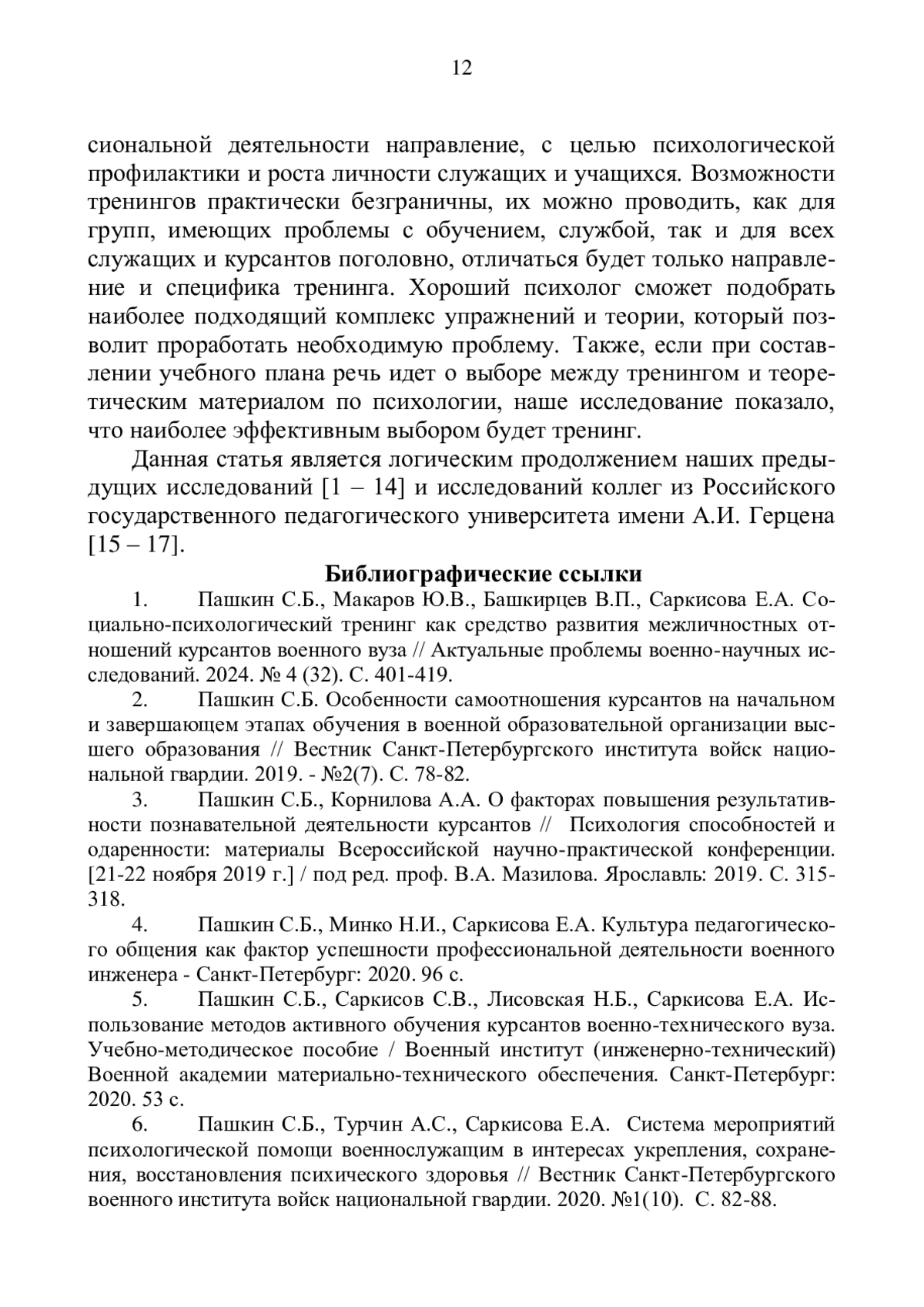 6. Пашкин С.Б., Турчин А.С., Саркисова Е.А. Система мероприятий психологической помощи военнослужащим в интересах укрепления, сохранения, восстановления психического здоровья // Вестник Санкт-Петербургского военного института войск национальной гвардии. 2020. №1(10). С. 82-88. EDN: WNOXWA
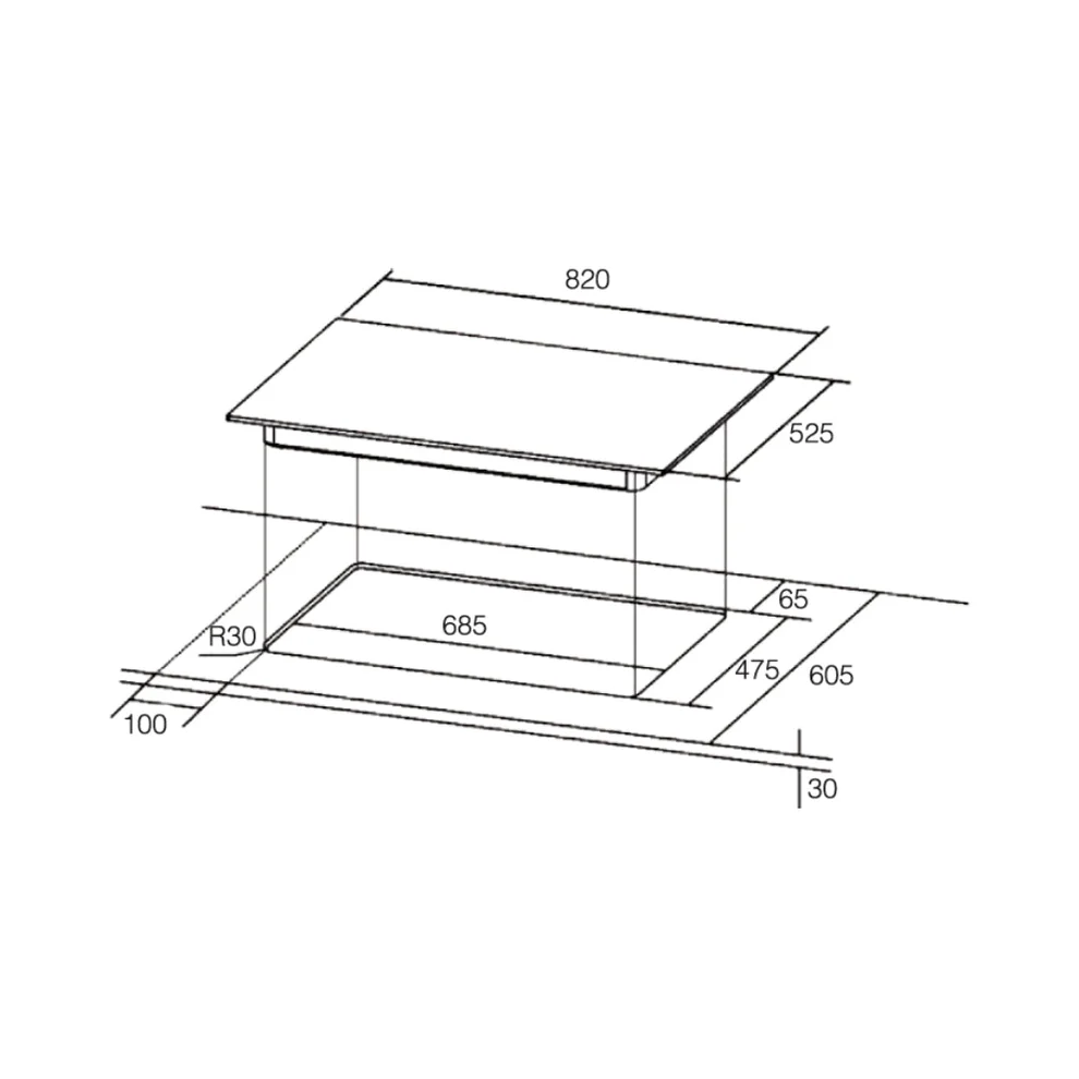 Cut-Out Dimensions (W × D) 555 × 475 mm
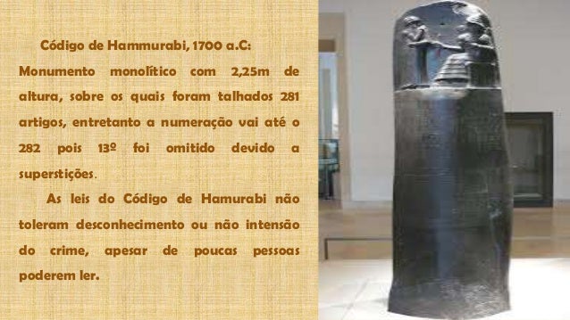 Todas as leis do codigo de hamurabi. Estas leis mais exatamente um conjunto de decisões judiciais editadas ou validadas por hamurabi poderiam ser considerados apenas como um dispositivo de jurisprudência já que o texto é herdeiro de uma tradição que teve início a partir do fim do terceiro milênio ac transmitida verbalmente ao longo do tempo na região da mesopotâmia. Seu texto contendo 282 princípios foi reencontrado em susa 1901 1902 por uma delegação francesa na pérsia sob a direção de jacques de morgan sob as ruínas da acrópole de susa e transportado para o museu do louvre. Resumo o código de hamurabi foi talhado numa grande rocha de diorito de 225 metros de altura 160 metros de circunferência na parte superior e 190 metros na base. O código de hamurabi estabelecia regras de vida e de propriedade estendendo a lei a todos os súditos do império. Ela foi impressa num bloco de rocha utilizando a escrita cuneiforme. As leis do hamurabi são tão imotantes que nelas existem artigos como a lei do aborto de crimes hediondo cometido de forma premeditado proteção a família lei contra a escravidão leis do campo que regulamentava o direito a propriedade privada etc. O código é baseado na lei de talião olho por olho dente por dente. A continuación os presento el texto del código de hammurabi viene de un post anterior donde se explica qué es el código de hammurabi parte i. O código de hamurabi é um conjunto de leis criadas na mesopotâmia por volta do século xviii ac pelo rei hamurabi da primeira dinastia babilônica. O código de hamurabi é composto de 281 artigos. Si uno ha acusado y ha embrujado a otro y no puede justificarse es pasible de muerte.
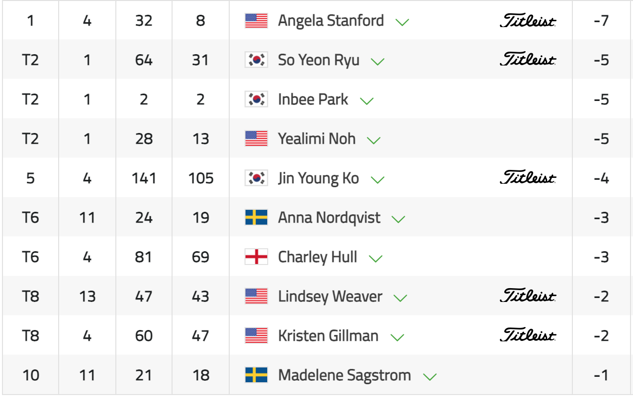 La Texane Angela Stanford a emporté le Volonteers of America Classic qui se jouait chez elle au Texas, à Colony. Elle devance trois Coréennes, une autre Américaine, deux Suédoises et une Anglaise.

* [WHAT YOU HAVE TO DO] Print the data above exactly, from its first line to the line bearing "Cut-Out Dimensions (W × D) 555 × 475 mm" inclusive, and keep pictures out of the result.

* [REPLY TO THE TASK]
 6. Пашкин С.Б., Турчин А.С., Саркисова Е.А. Система мероприятий психологической помощи военнослужащим в интересах укрепления, сохранения, восстановления психического здоровья // Вестник Санкт-Петербургского военного института войск национальной гвардии. 2020. №1(10). С. 82-88. EDN: WNOXWA
 Cut-Out Dimensions (W × D) 555 × 475 mm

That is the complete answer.